#### Task description:
As the answer, set down the lines below from the one containing "Stopped in for" through the one containing "黑檀木雕三羊開泰擺件實木中式三陽開泰風水擺設客廳家居裝飾送禮", exactly and inclusively, and no others.

#### Provided records:
=-=-=-=-=
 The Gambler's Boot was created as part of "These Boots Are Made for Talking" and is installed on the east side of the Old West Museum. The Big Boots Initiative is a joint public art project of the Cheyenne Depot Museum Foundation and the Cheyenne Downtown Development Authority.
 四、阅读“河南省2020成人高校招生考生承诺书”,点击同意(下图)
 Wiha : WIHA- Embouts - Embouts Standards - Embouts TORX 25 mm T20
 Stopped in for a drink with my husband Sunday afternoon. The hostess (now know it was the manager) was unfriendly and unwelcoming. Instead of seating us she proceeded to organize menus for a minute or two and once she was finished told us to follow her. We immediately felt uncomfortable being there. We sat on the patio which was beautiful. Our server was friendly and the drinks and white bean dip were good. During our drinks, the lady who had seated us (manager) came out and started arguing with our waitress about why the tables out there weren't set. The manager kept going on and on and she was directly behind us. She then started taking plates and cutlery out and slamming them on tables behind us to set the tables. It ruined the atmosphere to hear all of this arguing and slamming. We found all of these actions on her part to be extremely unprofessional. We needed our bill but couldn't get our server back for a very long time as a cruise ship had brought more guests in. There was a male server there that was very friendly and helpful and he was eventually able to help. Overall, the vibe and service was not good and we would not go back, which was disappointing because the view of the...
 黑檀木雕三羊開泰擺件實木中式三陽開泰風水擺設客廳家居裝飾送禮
=-=-=-=-=
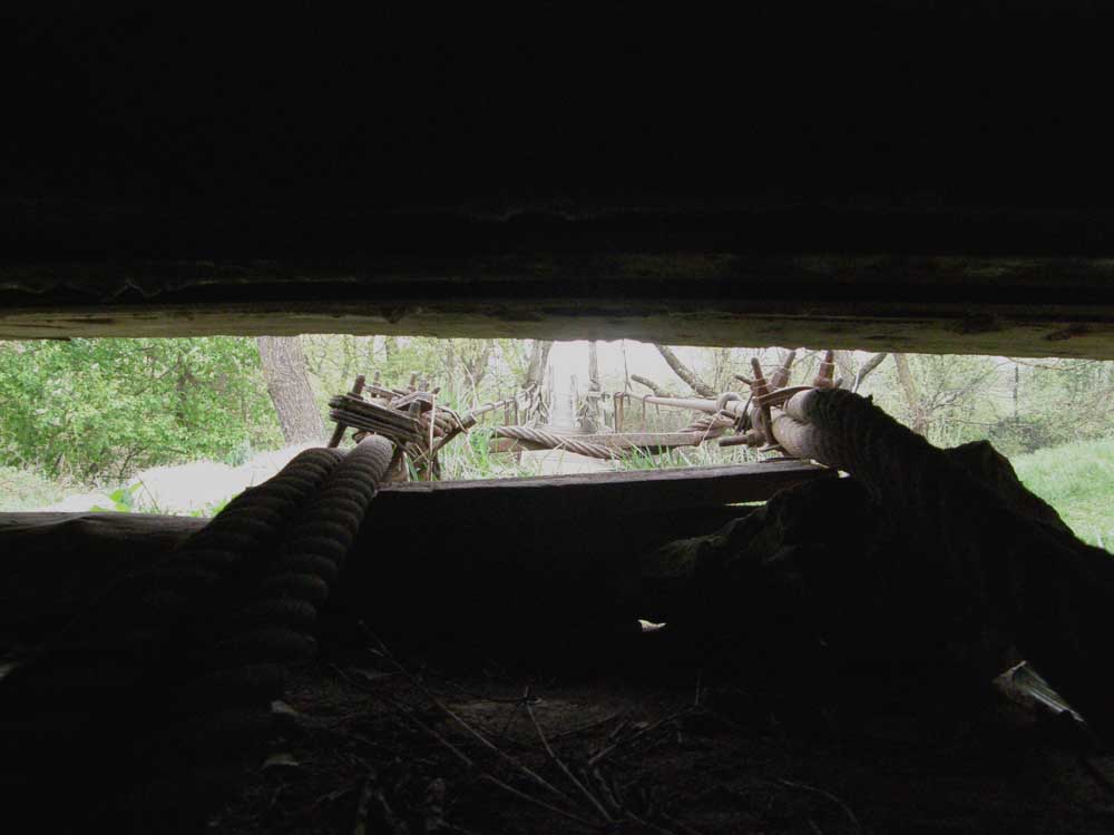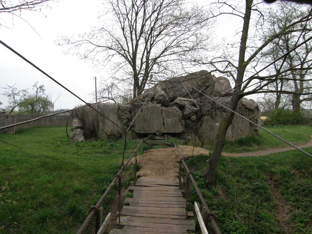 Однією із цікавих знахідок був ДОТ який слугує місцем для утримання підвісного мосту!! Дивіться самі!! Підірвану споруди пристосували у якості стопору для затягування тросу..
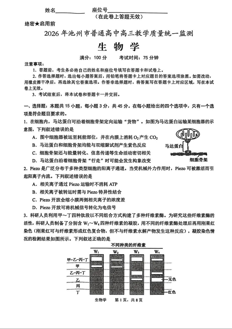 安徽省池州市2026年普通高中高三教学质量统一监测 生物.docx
=-=-=-=-=
#### Task output:
 Stopped in for a drink with my husband Sunday afternoon. The hostess (now know it was the manager) was unfriendly and unwelcoming. Instead of seating us she proceeded to organize menus for a minute or two and once she was finished told us to follow her. We immediately felt uncomfortable being there. We sat on the patio which was beautiful. Our server was friendly and the drinks and white bean dip were good. During our drinks, the lady who had seated us (manager) came out and started arguing with our waitress about why the tables out there weren't set. The manager kept going on and on and she was directly behind us. She then started taking plates and cutlery out and slamming them on tables behind us to set the tables. It ruined the atmosphere to hear all of this arguing and slamming. We found all of these actions on her part to be extremely unprofessional. We needed our bill but couldn't get our server back for a very long time as a cruise ship had brought more guests in. There was a male server there that was very friendly and helpful and he was eventually able to help. Overall, the vibe and service was not good and we would not go back, which was disappointing because the view of the...
 黑檀木雕三羊開泰擺件實木中式三陽開泰風水擺設客廳家居裝飾送禮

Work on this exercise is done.